All of the data below should be set down again verbatim, without any images.

(Records drawn from a dataset)
*** Begin section ***

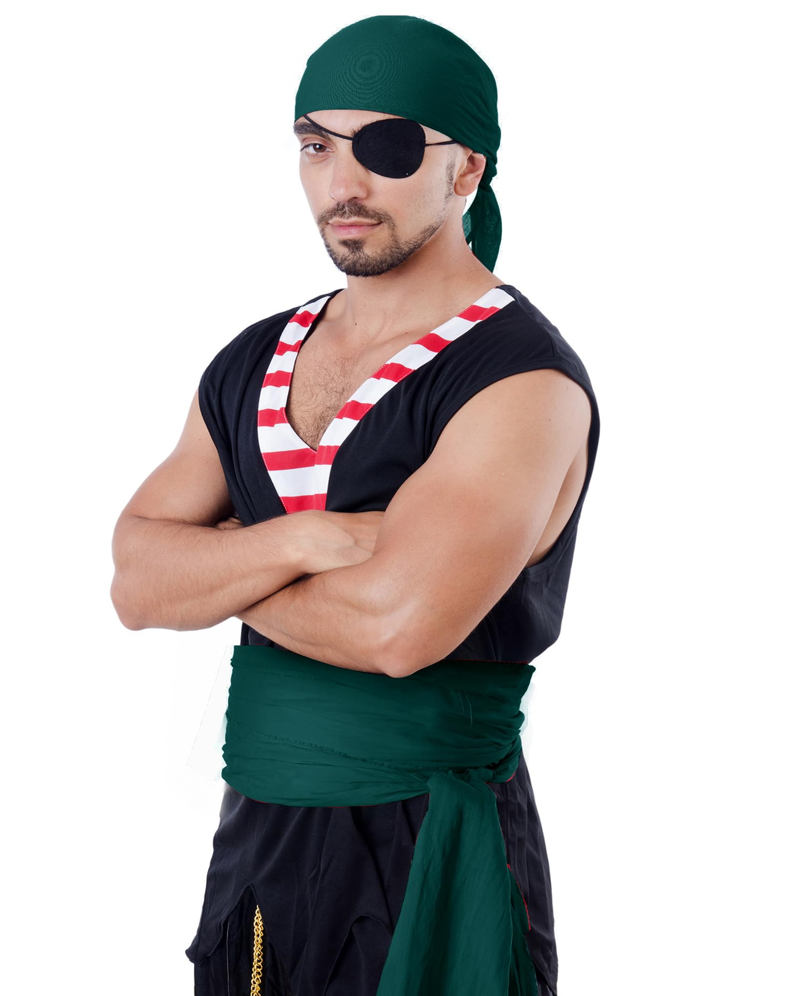 Package includes: 1 piece pirate bandana, 1 piece pirate large sash
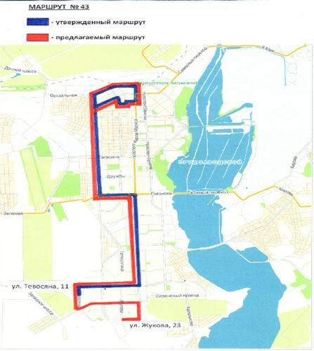 Маршрут №43: ул. Жукова, 23 – ул. Зелёный лог – пр. К. Маркса – ул. 50 лет Магнитки – ул.Тевосяна – ул. Труда – пр. К. Маркса – ул. Грязнова – ул. Советская – ул. Вокзальная – пр. К. Маркса – ул. Первомайская – ул. Герцена – ул. Суворова – ул. Московская – ул. Советская – ул. Грязнова – пр. К. Маркса – ул. Труда – ул. Тевосяна – ул. 50 лет Магнитки – пр. К. Маркса – ул. Зелёный лог – ул. Жукова.
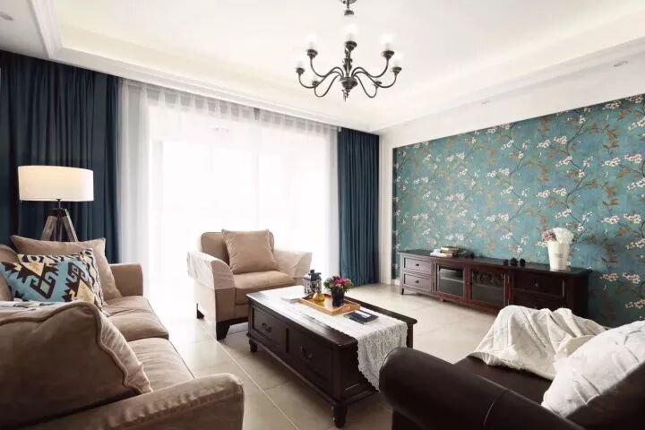 ▼沙发背景墙书绿色,所以选购了比墙面色更深的窗帘,再搭配了蓝色,让整体更有层次;
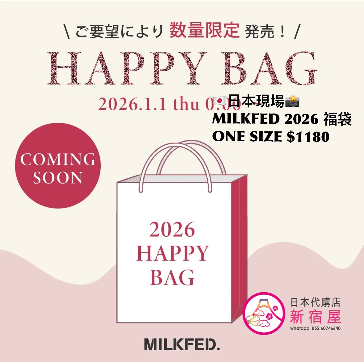 MILKFED 福袋 HAPPY BAG 2026 ONE SIZE,JACKET x1/ TOP x1/ SWEATSHIRT x1/ BOTTOMS x1/ BAG x1,5 ITEMS,$1180
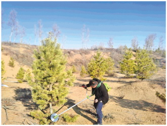 “樟子松最下端的這些枝條要剪掉,不然容易吸收水分,還會(huì)影響樟子松繼續(xù)長(zhǎng)高?!惫ㄜ娺呅藜暨呎f(shuō),“2021年我們已經(jīng)將4.5萬(wàn)畝林地全部替換完畢,現(xiàn)在基本就是陸續(xù)挖掉死去的楊樹(shù)和沙柳,補(bǔ)種上樟子松?!?/p>
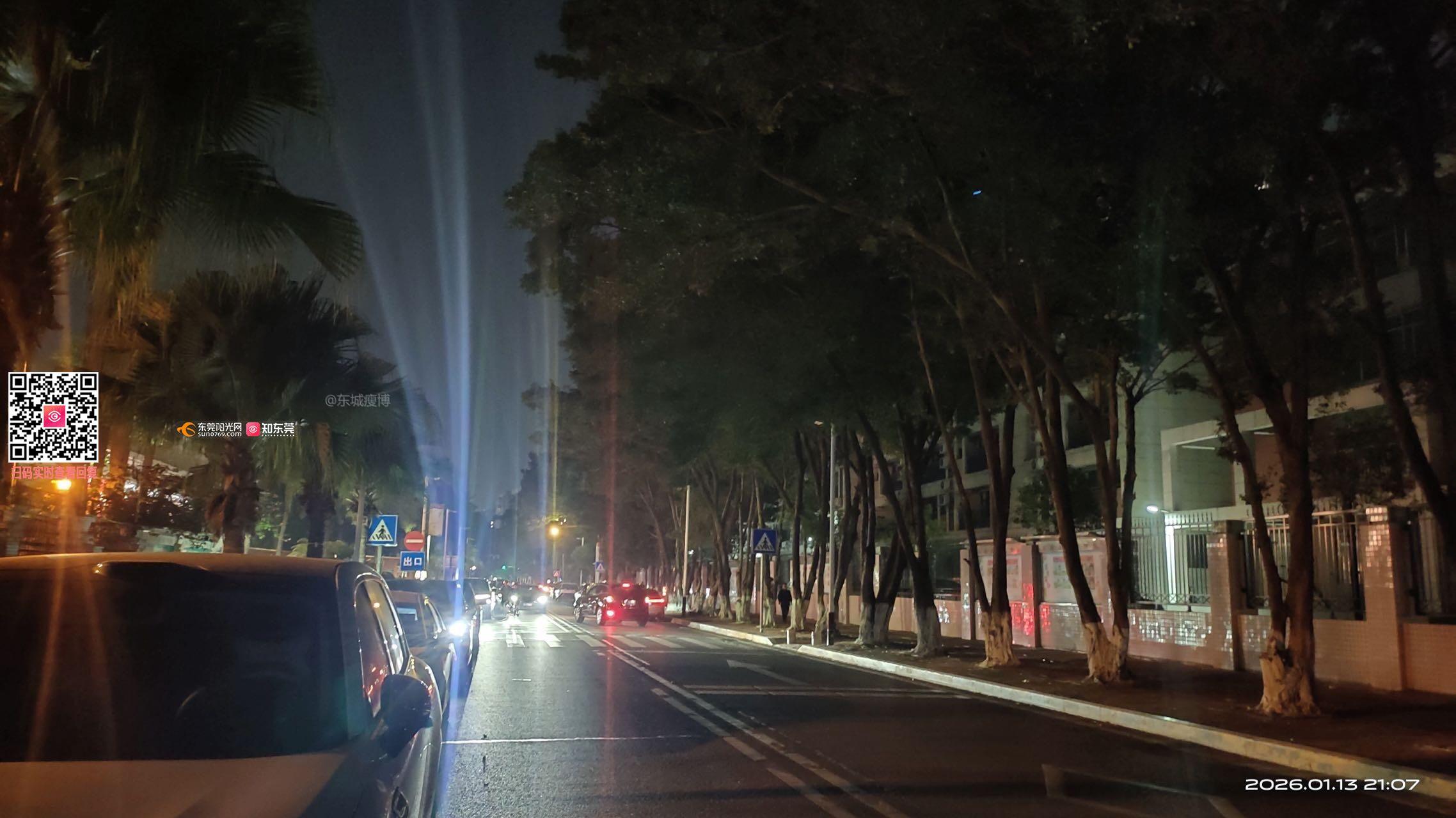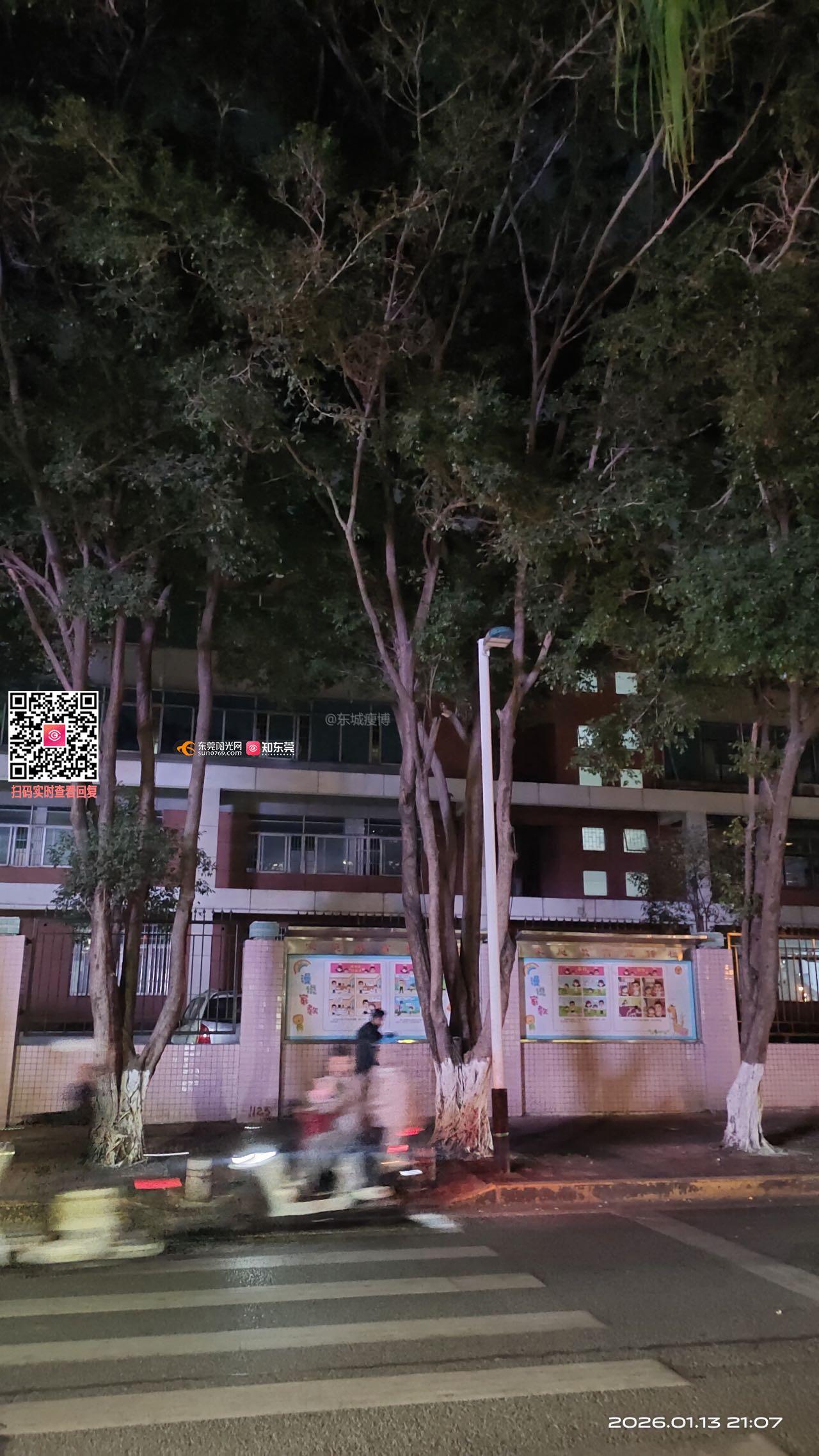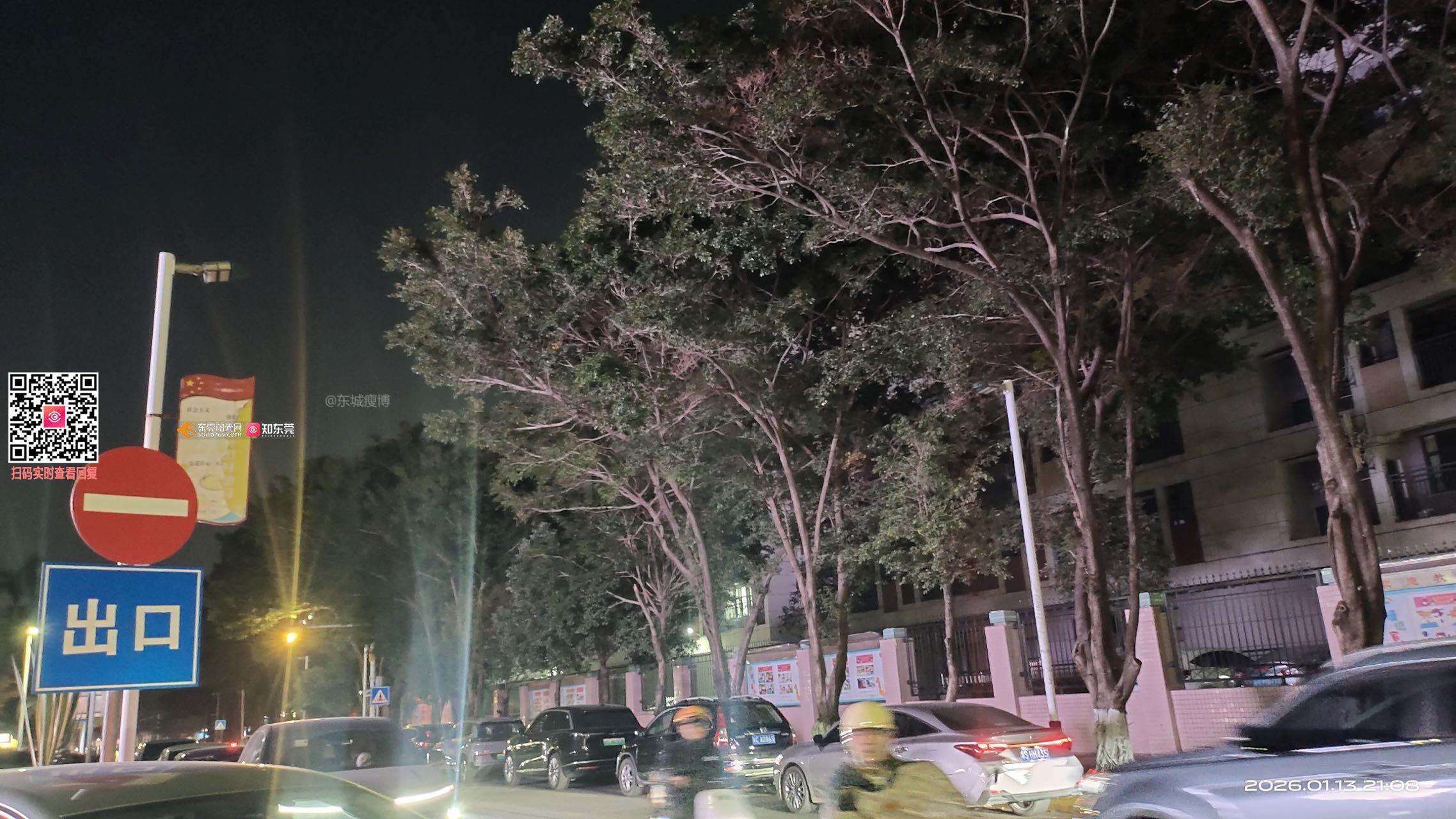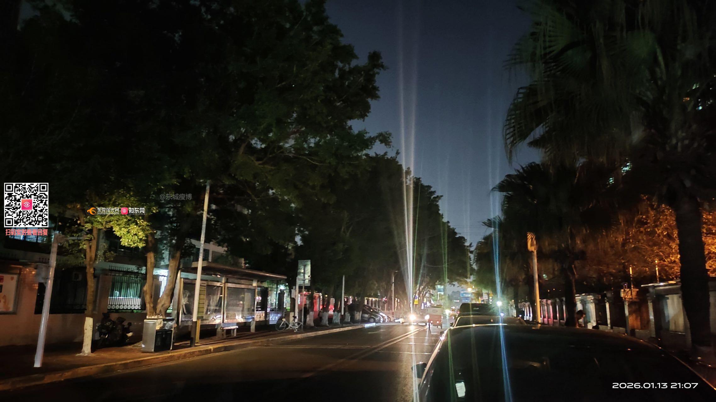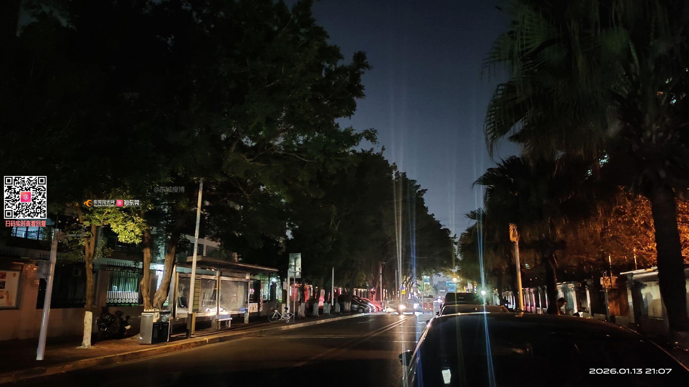 东莞市东城街道学前路(东城实验中学路段)的路灯形同虚设
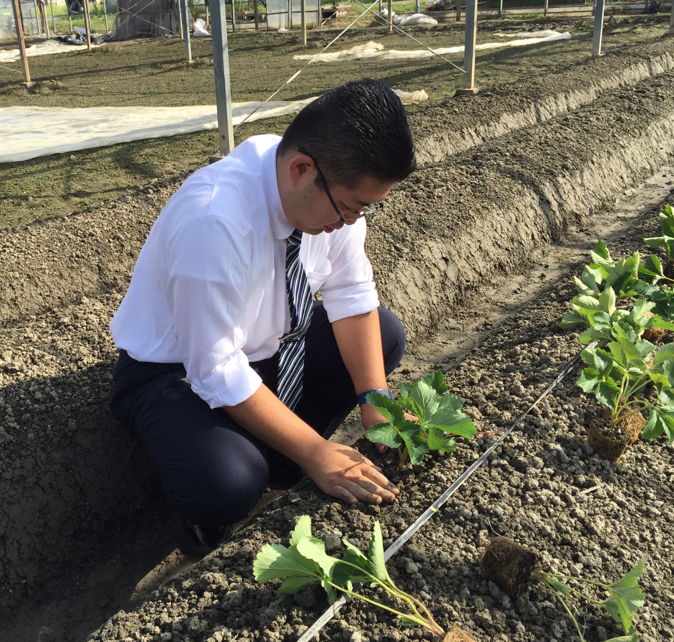 地元の農家の方とイチゴの苗を植えました!

*** End section ***

FINISHED EXERCISE:
 Package includes: 1 piece pirate bandana, 1 piece pirate large sash
 Маршрут №43: ул. Жукова, 23 – ул. Зелёный лог – пр. К. Маркса – ул. 50 лет Магнитки – ул.Тевосяна – ул. Труда – пр. К. Маркса – ул. Грязнова – ул. Советская – ул. Вокзальная – пр. К. Маркса – ул. Первомайская – ул. Герцена – ул. Суворова – ул. Московская – ул. Советская – ул. Грязнова – пр. К. Маркса – ул. Труда – ул. Тевосяна – ул. 50 лет Магнитки – пр. К. Маркса – ул. Зелёный лог – ул. Жукова.
 ▼沙发背景墙书绿色,所以选购了比墙面色更深的窗帘,再搭配了蓝色,让整体更有层次;
 MILKFED 福袋 HAPPY BAG 2026 ONE SIZE,JACKET x1/ TOP x1/ SWEATSHIRT x1/ BOTTOMS x1/ BAG x1,5 ITEMS,$1180
 “樟子松最下端的這些枝條要剪掉,不然容易吸收水分,還會(huì)影響樟子松繼續(xù)長(zhǎng)高?!惫ㄜ娺呅藜暨呎f(shuō),“2021年我們已經(jīng)將4.5萬(wàn)畝林地全部替換完畢,現(xiàn)在基本就是陸續(xù)挖掉死去的楊樹(shù)和沙柳,補(bǔ)種上樟子松?!?/p>
 东莞市东城街道学前路(东城实验中学路段)的路灯形同虚设
 地元の農家の方とイチゴの苗を植えました!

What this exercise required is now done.